Three years later, another and a more formidable invasion came bursting upon Thessaly and Greece. It was, according to the unquestionably exaggerated account of the ancient historians, two hundred thousand strong, and commanded by that famous, ferocious, and insolent Brennus mentioned before. His idea was to strike a blow which should simultaneously enrich the Gauls and stun the Greeks. He meant to plunder the temple at Delphi, the most venerated place in all Greece, whither flowed from century to century all kinds of offerings, and where, no doubt, enormous treasure was deposited. Such was, in the opinion of the day, the sanctity of the place, that, on the rumor of the projected profanation, several Greeks essayed to divert the Gallic Brenn himself, by appealing to his superstitious fears; but his answer was, “The gods have no need of wealth; it is they who distribute it to men.”

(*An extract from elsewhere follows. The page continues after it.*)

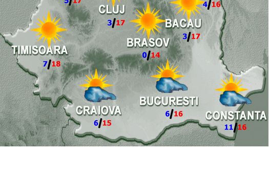 Vremea va fi răcoroasă, pentru această perioadă din an, în vestul şi nord-vestul ţării şi rece, în celelalte regiuni. Cerul va fi parţial noros în sud şi sud-est şi mai mult senin în restul teritoriului. Vântul va mai avea intensificări, în special în cursul zilei, în Dobrogea, cu viteze mai mari pe litoral şi în deltă. Temperaturile maxime se vor încadra între 13 şi 19 grade, iar cele minime între 1 şi 12 grade, mai coborâte în estul Transilvaniei, până în jurul a -3 grade. Izolat, mai ales în depresiunile din nord şi din centru, se va produce brumă. În a doua parte a nopţii, pe arii restrânse, în zonele joase de relief, se va forma ceaţă.

All Greece was moved. The nations of the Peloponnese closed the isthmus of Corinth by a wall. Outside the isthmus, the Beeotians, Phocidians, Locrians, Megarians, and AEtolians formed a coalition under the leadership of the Athenians; and, as their ancestors had done scarcely two hundred years before against Xerxes and the Persians, they advanced in all haste to the pass of Thermopylae, to stop there the new barbarians.

And for several days they did stop them; and instead of three hundred heroes, as of yore in the case of Leonidas and his Spartans, only forty Greeks, they say, fell in the first engagement. ‘Amongst them was a young Athenian, Cydias by name, whose shield was hung in the temple of Zeus the savior, at Athens, with this inscription:—


THIS SHIELD, DEDICATED TO ZEUS, IS THAT OF A VALIANT MAN,

CYDIAS. IT STILL BEWAILS ITS

YOUNG MASTER. FOR THE FIRST TIME

HE BARE IT ON HIS LEFT ARM

WHEN TERRIBLE ARES CRUSHED

THE GAULS.


But soon, just as in the case of the Persians, traitors guided Brennus and his Gauls across the mountain-paths; the position of Thermopylae was turned; the Greek army owed its safety to the Athenian galleys; and by evening of the same day the barbarians appeared in sight of Delphi.

Brennus would have led them at once to the assault. He showed them, to excite them, the statues, vases, cars, monuments of every kind, laden with gold, which adorned the approaches of the town and of the temple: “‘Tis pure gold—massive gold,” was the news he had spread in every direction. But the very cupidity he provoked was against his plan; for the Gauls fell out to plunder. He had to put off the assault until the morrow. The night was passed in irregularities and orgies.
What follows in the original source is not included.